Exercise aim: What you return must be exactly the lines from the one containing "4月連合の日。 掛村副会長も参加し、36協定を周知" through the close of the listing, both included.

Exercise input:
--- --- ---

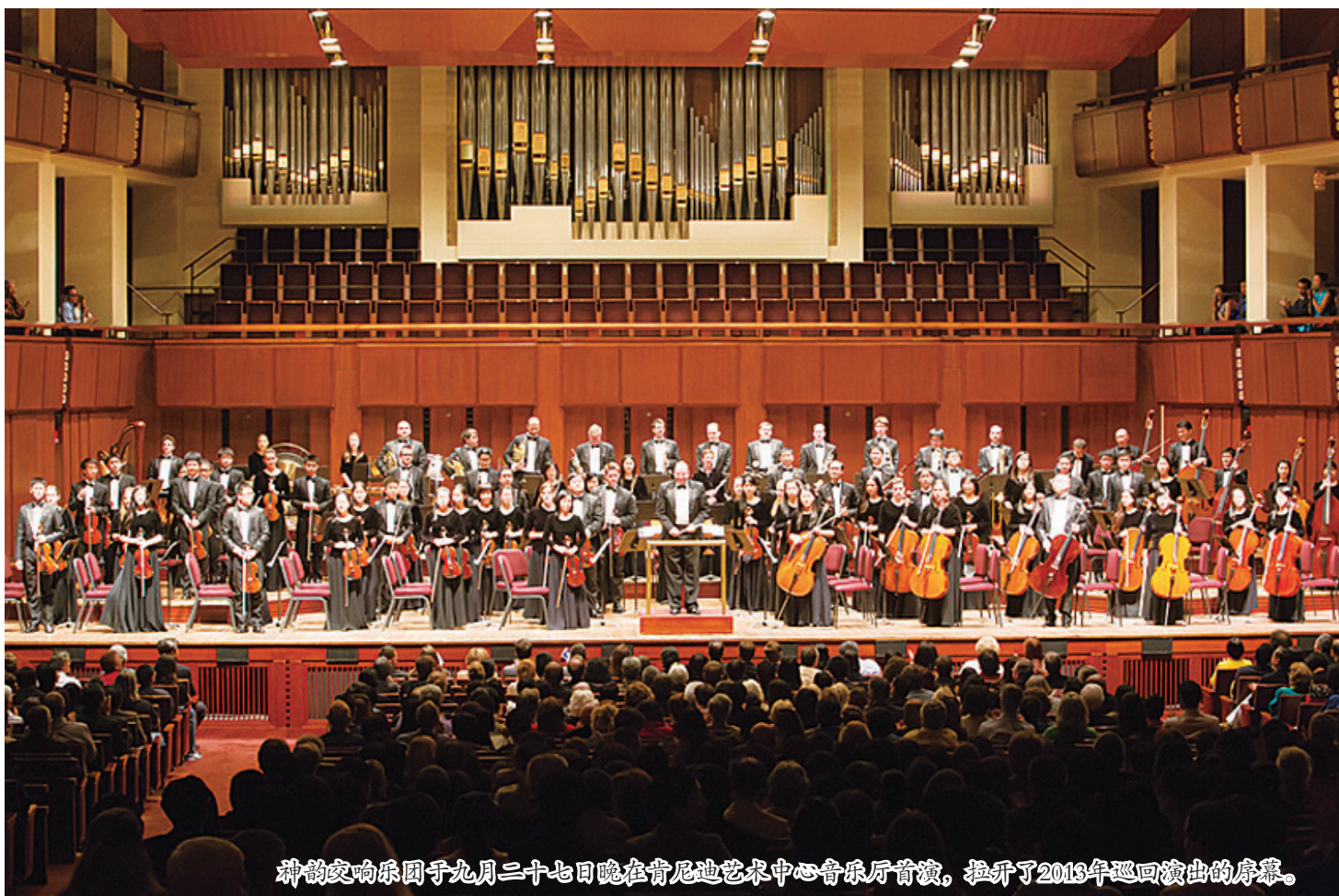
神韵交响乐团于九月二十七日晚在肯尼迪艺术中心音乐厅首演，拉开了2013年巡回演出的序幕。

常优美、感人、充满精神内涵和韵味，她使我得以认识和欣赏到音乐与文化的更多层面，使我对传统乐器和音乐家们升起更高的敬意。”（神韵）音乐确实是上天所赐礼物，确实如此。”
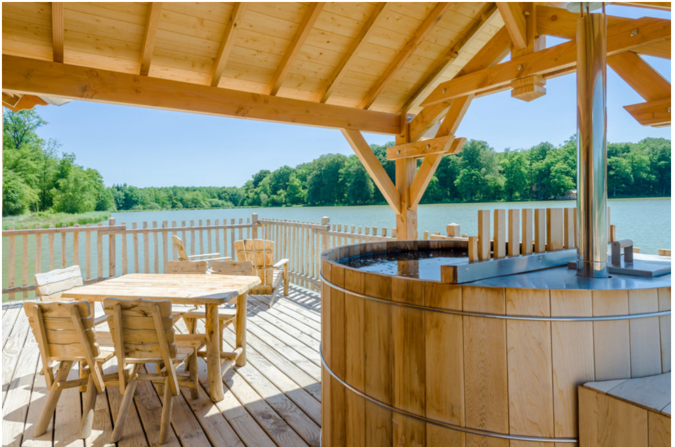
Spa cabane flottante

Ecrit par Linda Mansouri le 17 juillet 2021
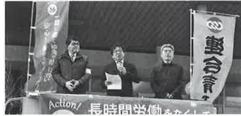
4月連合の日。 掛村副会長も参加し、36協定を周知

4月と5月の取り組みは、4月から施行された改正労働基準法について、時間外労働の上限規制や、年5日の有給休暇の取得義務化など罰則付きの法整備がされたことを周知する街宣行動となった。

--- --- ---

Answer:
4月連合の日。 掛村副会長も参加し、36協定を周知

4月と5月の取り組みは、4月から施行された改正労働基準法について、時間外労働の上限規制や、年5日の有給休暇の取得義務化など罰則付きの法整備がされたことを周知する街宣行動となった。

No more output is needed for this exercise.